The sixth and final monetary policy statement of the Reserve Bank of India for fiscal 2017-18 held no surprises, as expected. Though the stance continues to be neutral and the rates are unchanged, the language appears just that bit hawkish when the central bank refers to factors that may yet cause inflation to spike in the second half of the next fiscal. The policy statement tilt, the present conditions in the bond market where rates have hardened by about 70 basis points in the last couple of months, and liquidity conditions gradually reverting to neutral from excess, clearly point to the inevitability of a reversal in the rate cycle soon. The decision to offer a higher minimum support price to farmers and the slippage in the fiscal deficit for this fiscal, both courtesy the Budget presented on February 1, may only hasten the process. A rate hike appears clearly on towards the third quarter of 2018-19, if not earlier.

The central bank has projected inflation rising to between 5.1 and 5.6 per cent in the first half of 2018-19 and though it is expected to moderate to 4.5-4.6 per cent in the second half, the risks are tilted to the upside.
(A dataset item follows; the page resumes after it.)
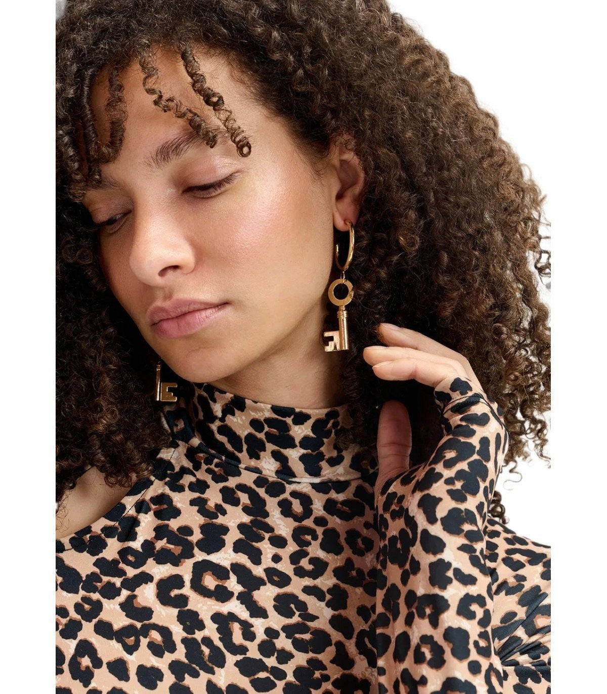 Gentry earrings by Essentiel Antwerp made of zinc metal, mixed brass, in gold color. Characterized by a refined key-shaped pendant. Closure with needle and butterfly. Size, 3 cm. Composition of the outer shell: 50% zinc alloy, 40% brass, 10% stainless steel.

Crucially, one of the factors underpinning the softer projection is that the monsoon will be favourable and that food prices will remain soft. It is early days yet to comment on the monsoon but food prices have traditionally hardened in the summer and monsoon months even if monsoons have been favourable. Fuel prices have been a big factor in pushing up the CPI and with the Centre clear that it will not interfere in fuel pricing, crude oil prices will continue to be a major influence on overall inflation. The good news though is that crude prices have pulled back after touching the $70-a-barrel mark and are now trading well below that, in the $66-67 range. It is likely that oil prices will trend lower as winter demand for fuel eases and production picks up, especially in the US.

What might yet hold the central bank’s hand from raising rates in the immediate term is what it calls the “nascent recovery” and the need to “carefully nurture” the same. Encouraged by positive news that came in after the CSO pegged its first advance estimate of GDP growth for this fiscal at 6.1 per cent, the RBI has projected growth at 6.6 per cent for this fiscal and at 7.2 per cent for 2018-19, which is at the lower end of the estimate made in the Economic Survey . Early signs of an investment revival, improving credit offtake and rising capital goods output seem to have enthused the MPC which has at least for now privileged growth over inflation. This is sensible policy as a premature reversal of the rate cycle will only serve to harm the incipient recovery process. The policy stance might also serve to calm the bond markets and pull back yields, which had moved up in anticipation of onset of the rate-tightening process.